A1 (AO2) — mRNA sequence. mRNA is identical to the coding strand with U replacing T: 5'-AUG GCA UUU UAA-3'.
A1 (AO3.1) — reason for nuclear retention. Pre-mRNA still contains introns, which must be removed by splicing, and lacks the 5' cap and 3' poly-A tail that protect mRNA from exonuclease degradation and license export through nuclear pores.
A1 (AO3.2) — extension. The cap is added co-transcriptionally as the 5' end emerges from the polymerase; the poly-A tail is added post-transcriptionally by polyA polymerase after a polyadenylation signal (AAUAAA); splicing is carried out by the spliceosome (snRNPs U1, U2, U4, U5, U6) recognising 5' GU and 3' AG splice sites.
Total: 8 marks (M2 A6).
Question (6 marks): A scientist measured the length of pre-mRNA produced from a particular eukaryotic gene and the length of the mature mRNA exported from the nucleus. The pre-mRNA was approximately 8,500 nucleotides long, while the mature mRNA was approximately 1,800 nucleotides long. Western blotting showed that the same gene gave rise to three distinct polypeptides in different tissues of the organism.

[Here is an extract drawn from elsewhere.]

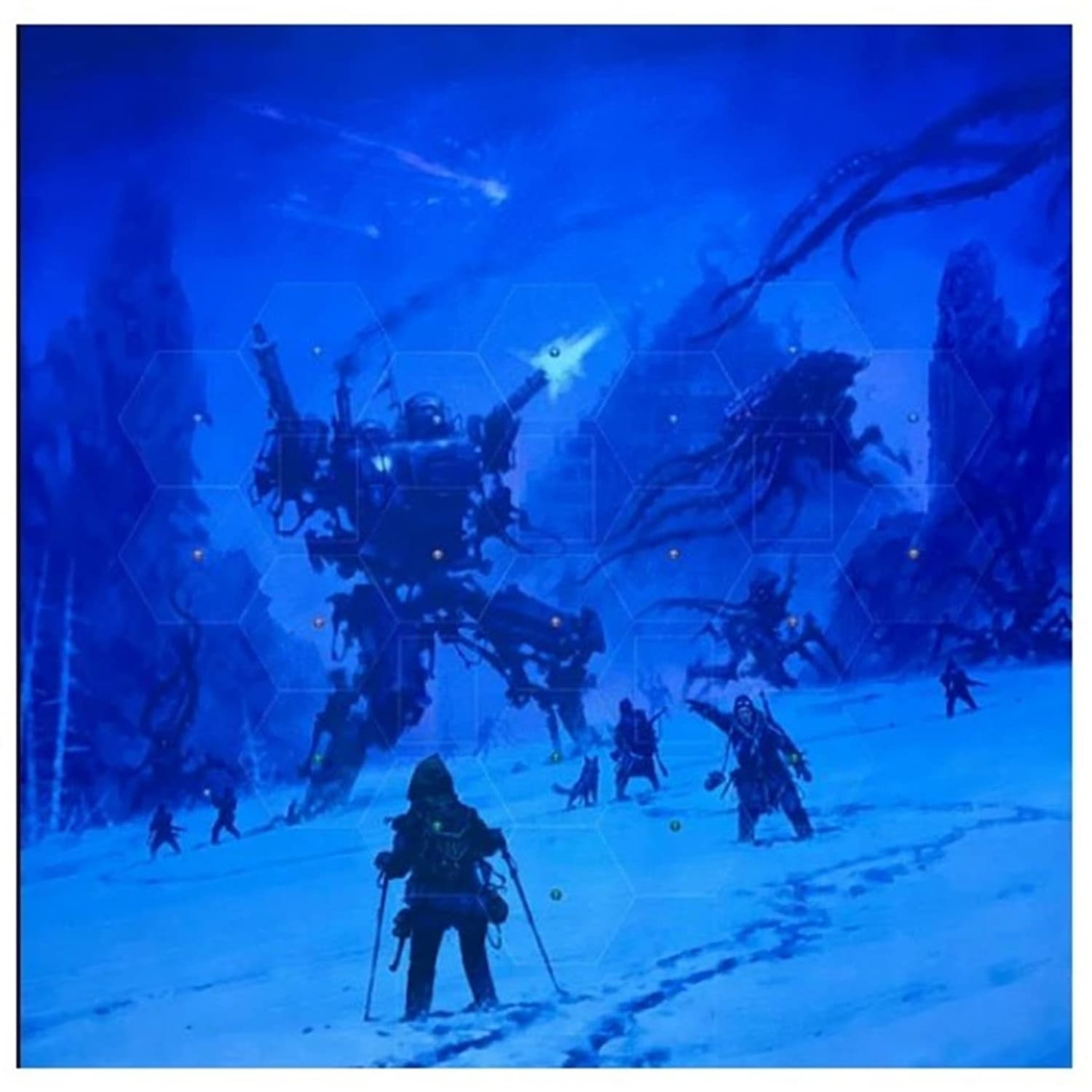 This natural rubber playmat for Expeditions has double-stitched edges for durability. It is double sided (one side with outlines for hexes, cards, and basecamp and one side just with art), and it fits the core components needed for a 5-player game (location tiles, basecamp, and mech mats), with flexible positioning for various player counts and table configurations. It measures 900x900mm. -

Using the data, explain how a single gene can produce a much shorter mRNA and several different polypeptides.
Mark scheme decomposition by AO:
| Mark | AO | Earned by |
|---|---|---|
| 1 | AO1.1 | Stating that pre-mRNA contains introns and exons; introns are non-coding and are removed before export |
| 2 | AO1.2 | Stating that splicing is carried out by the spliceosome and joins exons to form mature mRNA |
| 3 | AO2.1 | Calculating that ~6,700 nucleotides (≈79% of the pre-mRNA) are introns removed during splicing |
| 4 | AO2.7 | Linking the three polypeptides to alternative splicing — different combinations of exons retained in different tissues |
| 5 | AO3.1 | Concluding that one locus can therefore specify multiple polypeptide isoforms, expanding proteome diversity beyond gene number |
| 6 | AO3.2 | Justifying tissue specificity by tissue-specific splicing factors that bias spliceosome choice between alternative splice sites |
Total: 6 marks (AO1 = 2, AO2 = 2, AO3 = 2). Edexcel reliably tests transcription through "compare pre-mRNA with mature mRNA / explain how one gene gives multiple proteins" prompts; candidates who name splicing without quantifying the intron fraction or naming alternative splicing lose AO2 and AO3 marks.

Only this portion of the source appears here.